In order to use a Decision Service in a process or application, it is necessary to understand the Decision Service's service contract, also known as its interface. A service contract describes in precise terms the kind of input a Decision Service is expecting, and the kind of output it returns following processing. In other words, a service contract describes how to integrate with a Decision Service.
When an external process or application sends a request message to a Decision Service that complies with its service contract, the Decision Service receives the request, processes the included data, and sends a response message. When a Decision Service is used in this manner, we say that the external application or process has successfully consumed the Decision Service.

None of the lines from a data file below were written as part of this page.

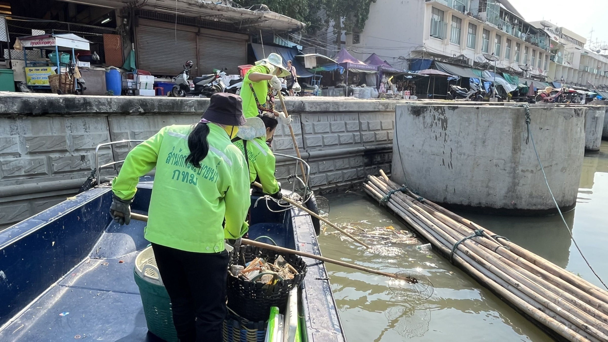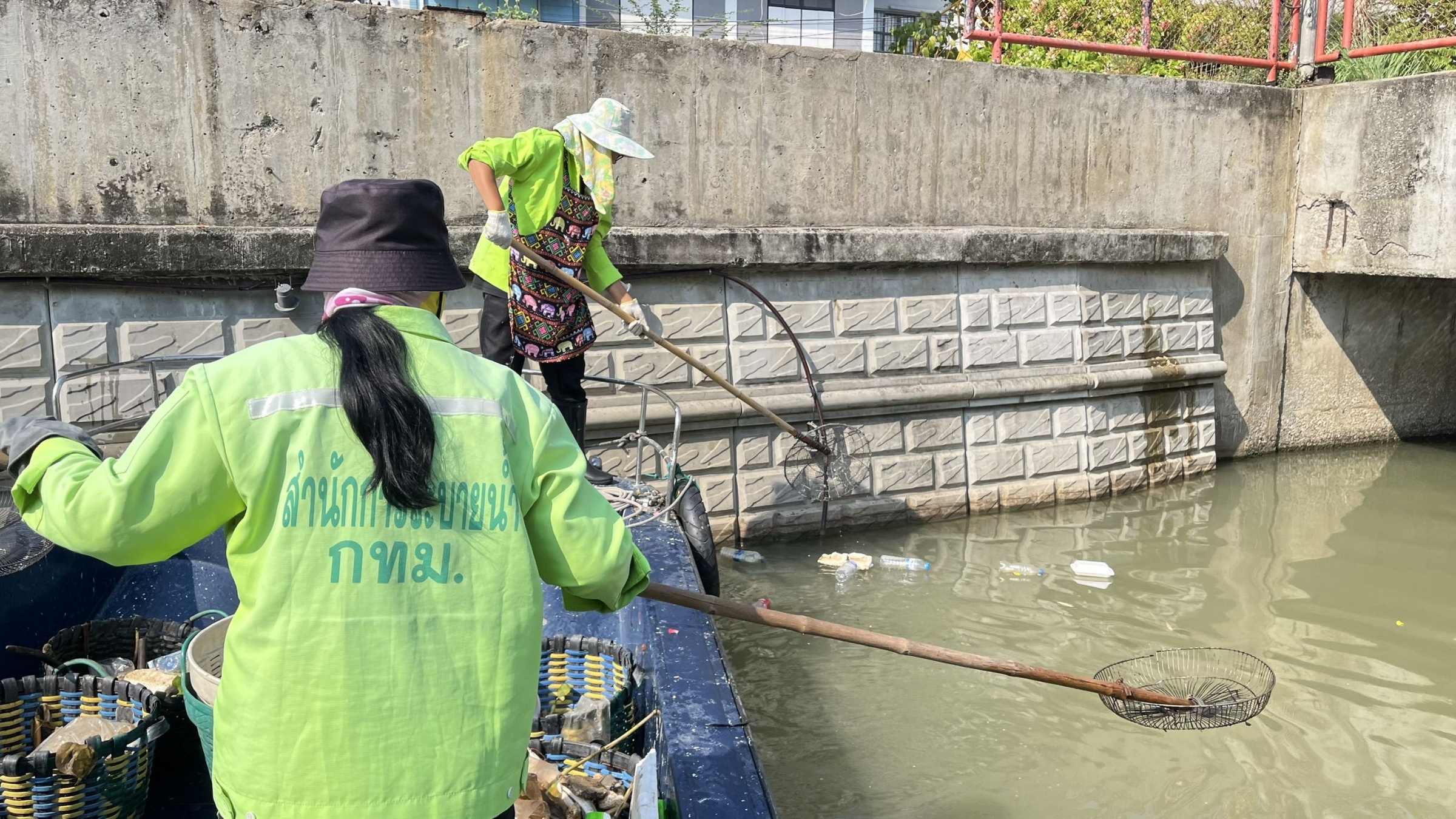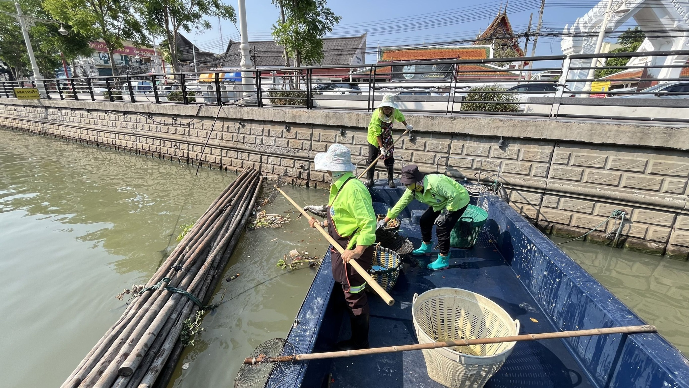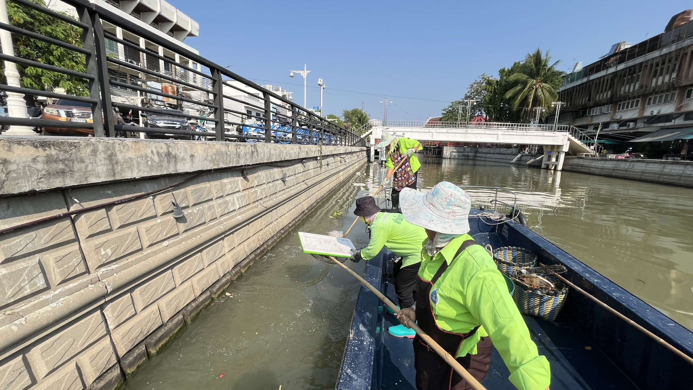 เจ้าหน้าที่ ตักเก็บขยะและวัชพืชเก็บจาก ปตร.เทเวศร์ตลอดช่วงสะพานมัฆวานถึงสี่แยกมหานาค พื้นที่เขตดุสิต เขตพระนคร เขตป้อมปราบศัตรูพ่าย
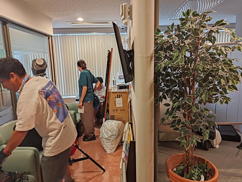 院内には照明機材やカメラ、音響設備が次々と搬入され、総勢約40名ほどのスタッフのみなさんが準備に動き回る姿は圧巻でした。
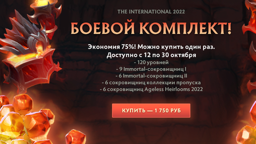 В ночь с 12 на 13 октября студия Valve порадовала любителей Dota 2 и выпустила первый бандл для Battle Pass, приуроченный к The International 2022. В него вошло 27 различных сокровищниц и 120 уровней. Стоит отметить, что такое предложение на 75% выгоднее, чем напрямую покупка уровней. Боевой комплект будет доступен с 12 по 30 октября, его можно приобрести только один раз, а стоимость достигает 1 750 рублей...
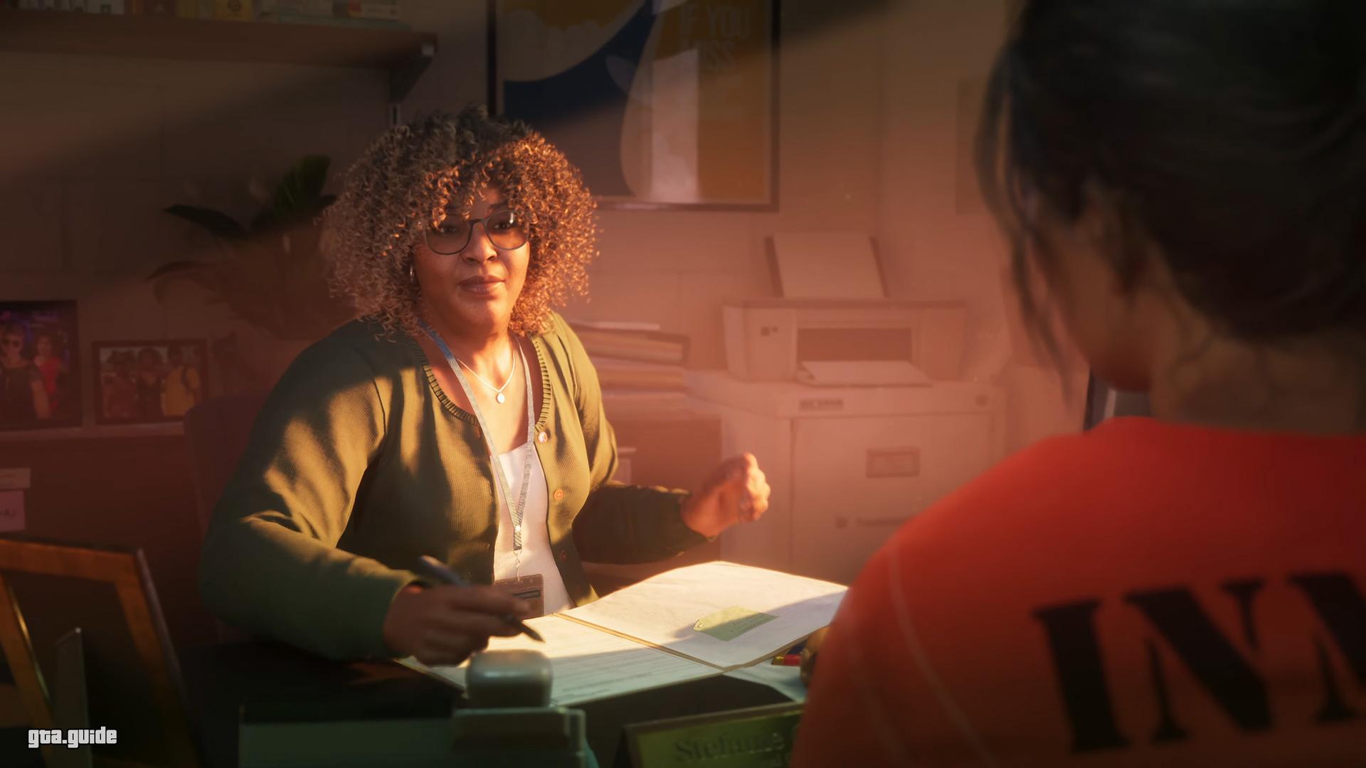 Stefanie is one of the characters in the upcoming game Grand Theft Auto VI. She is supposed to be a social worker at the Leonida Department of Corrections. In the first trailer Stefanie in her office has a conversation with the then-incarcerated protagonist Lucia.

This guide describes four paths for consuming a Decision Service:
*Path 1
Use Corticon as a SOAP client to send and receive SOAP messages to a Decision Service running on a remote Corticon Server  - This is different from testing Ruleflows in Corticon locally. This path is the easiest method to use and requires the least amount of technical knowledge to successfully complete. If you have already installed Corticon Studio, then you have all necessary components to complete this path. If not but want to follow this path, we recommend completing the Corticon Installation Guide and the Corticon Studio Tutorial: Basic Rule Modeling before continuing on this path.
*Path 2
Manually integrate and test a Decision Service - In this path, we will use bundled sample code (a command file) to send a request message built in Corticon Studio's Tester, and display the results. This path requires more technical knowledge and confidence to complete, but illustrates some aspects of the software which may be interesting to a more technical audience. If you have already installed Corticon Studio, then you have all necessary components to complete this path. If not but want to follow this path, we recommend completing the Corticon Installation Guide and the Corticon Studio Tutorial: Basic Rule Modeling before continuing on this path.
*Path 3
Use a commercially available SOAP client to integrate with and test a Decision Service - In other words, this SOAP client will read a web-services-standard service contract (discussed below), generate a request message from it, send it to the Corticon Server, process it, and then return the response message.  Progress Corticon does not include such an application, so the reader must obtain one in order to complete this path.
*Path 4
Use a JSON/RESTful client to consume a Decision Service - A JSON RESTful interface is one that follows the REST architectural style and uses JSON as its data representation format. Using a sample Corticon requests in JavaScript Object Notation (JSON), the client will send the JSON-formatted request message to the Corticon Server, process it, and then return the response message.